On Sat, 22 Aug 2015 14:40:08 -0700 Kevin P Dyer kpdyer@gmail.com wrote:
Ah, gotcha. It's not RFC compliant. RFC2616 was created in 1999 and there are tons of HTTP-like implementations since then that, ostensibly, don't need to follow it. (e.g., an HTTP-like client/server that only talk to each other.) A network monitor must deal with these cases too, and they'll broadcast HTTP/1.1 in their headers.
This [1] paper is a bit dated (2007) but my intuition is that real-world implementations have drifted even further from the RFC over the last 8 years. I swear there's a more recent paper on this topic, but I couldn't find it...

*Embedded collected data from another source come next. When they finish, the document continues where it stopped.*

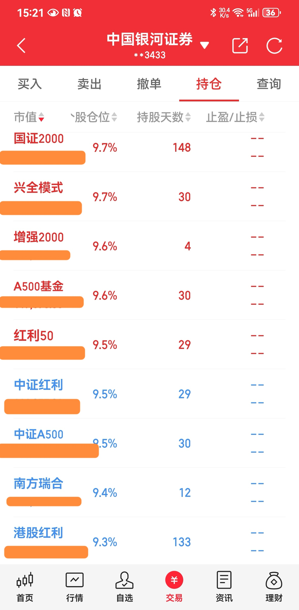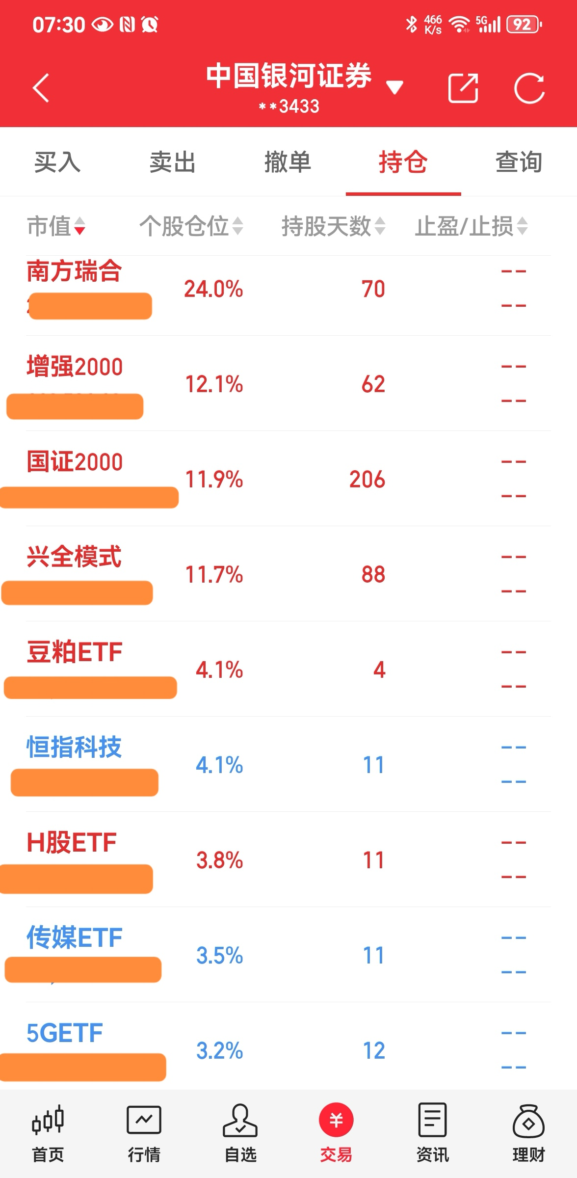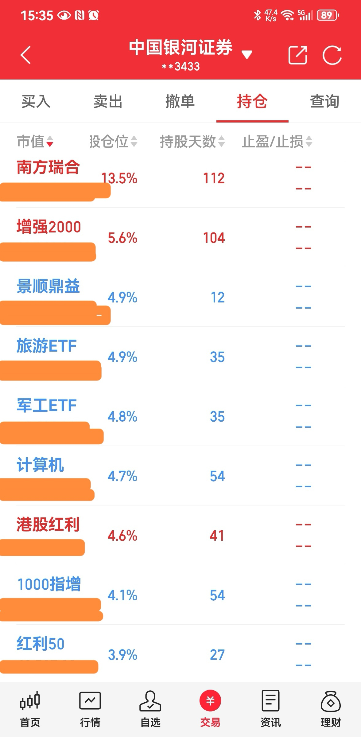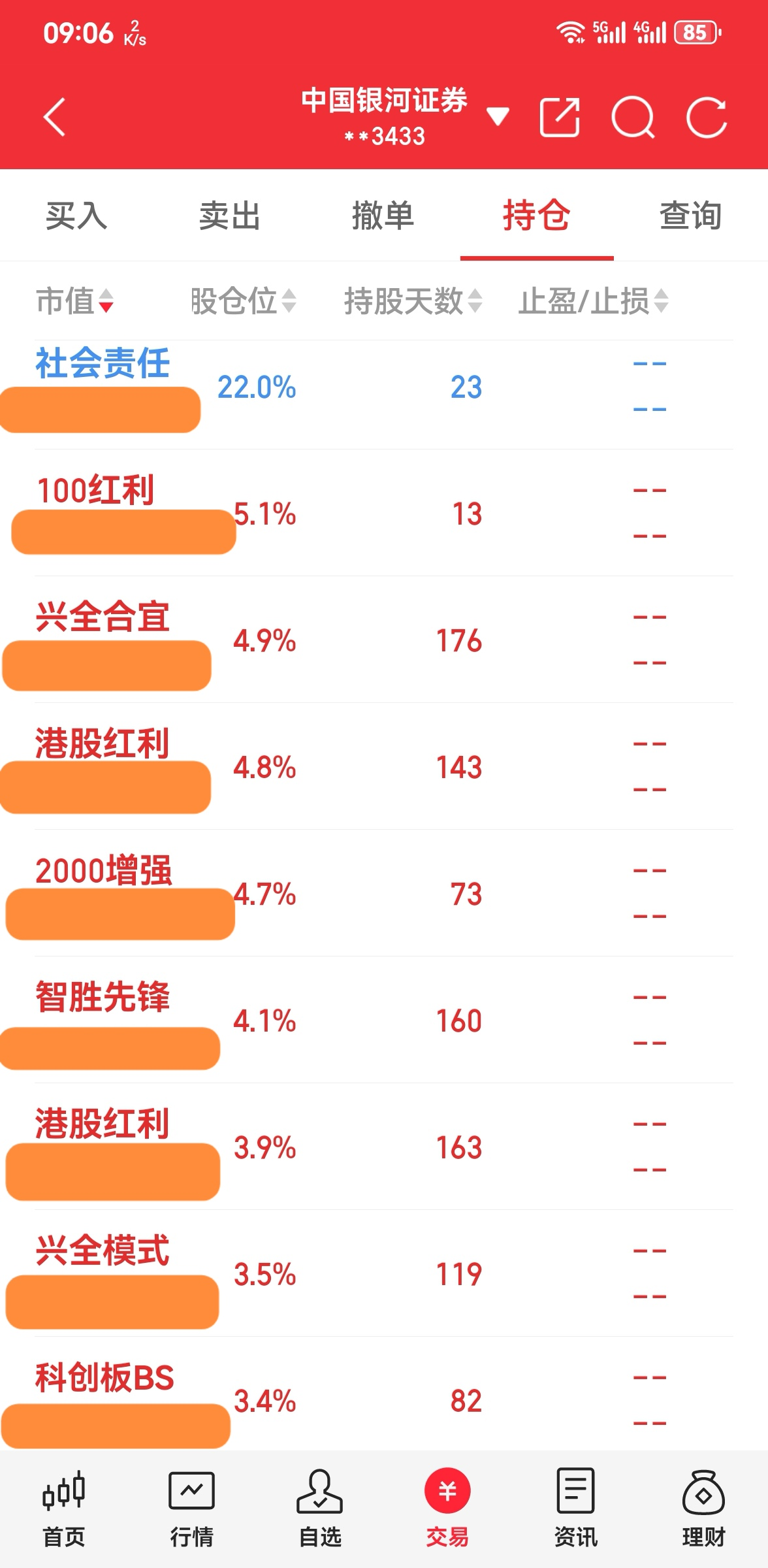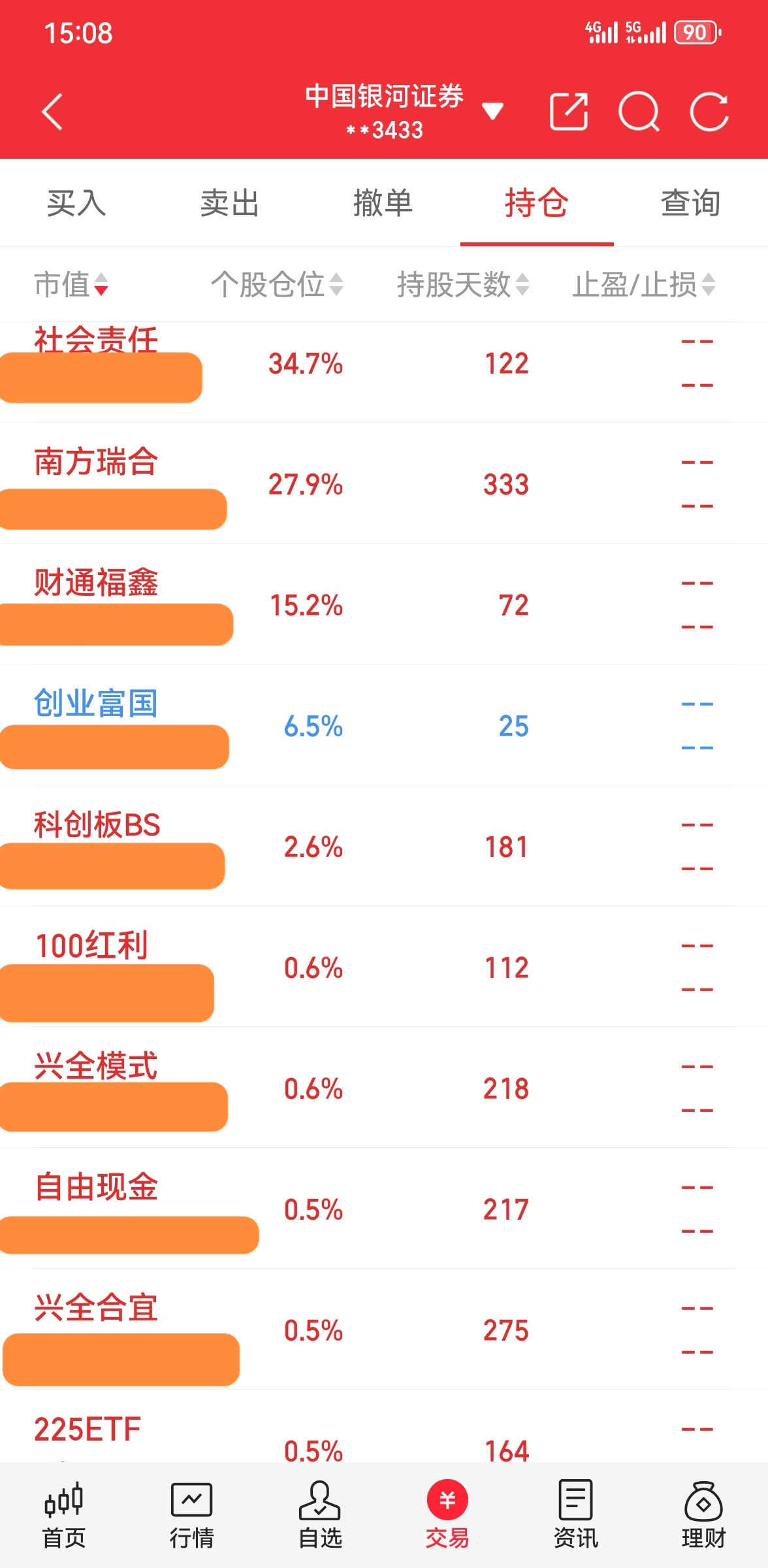 ----3、仓位:钱不过夜满仓君(因为有钱就心神不宁,以前追涨杀跌亏多赢少,所以现在天天满仓操作,这样既不患得患失,心态也更平和);
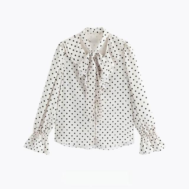2025新款法式蝴蝶結飄帶波點卡圓點襯衫女秋季長袖氣質緞面上衣
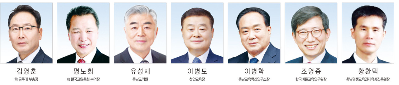 5일 지역 교육계 등에 따르면 현재 출마를 준비 중인 후보로는 (가나다순)김영춘 전 공주대 부총장, 명노희 전 한국교원총회 부의장, 이병도 천안교육장, 이병학 충남교육혁신연구소장, 조영종 한국바른교육연구원장 등이 자천타천 거론된다.

I'd be surprised if there were lots of clients that advertise HTTP/1.1 that don't include a Host header, since clients that are broken in that manner will not be able to talk to apache/ngnix/tomcat/etc[0].
Then again, fteproxy is an example of such a thing, so I may be rather sad at the results of an actual survey.
Since requests of that sort should invoke the error path on RFC compliant servers it's a really good distinguisher since legitimate clients will not do such a thing. Existing realistic adversaries already have "identify 'suspicious behavior', call back to confirm" style filtering in production, so false positive rate can be reduce to 0 if needed.
Based on our exploration of data, we found there's a wide range of implementations and most of which have non-RFC-compliant behaviors. See Section 4 of our paper for more details. For that reason I'd be very surprised if a host-header-check could result in a 0 FP rate.
The point isn't to use non-compliance as the sole discriminator (since people do write broken code), but to cut down the candidate IP/Port list down to something that's reasonable for whatever active probing infrastructure that exists to manage.
From there, delta-T later with separate infrastructure attempt a full FTE + Tor handshake, and blacklist/RST inject/etc target candidates that succeed.
The second step gets to 0 FP, and precisely this sort of thing is how China currently handles obfs3. The delay (anecdotal) is about 10 mins.
Intuitively I think that "missing Host header" will be extremely rare but I don't have a way to get traces to prove/disprove it.
With that being said, I'll add the host-header-check to the list of experiments that we want to do for the full version of our paper. Would be interesting to learn what the data tells us.
I would be interested in seeing the results.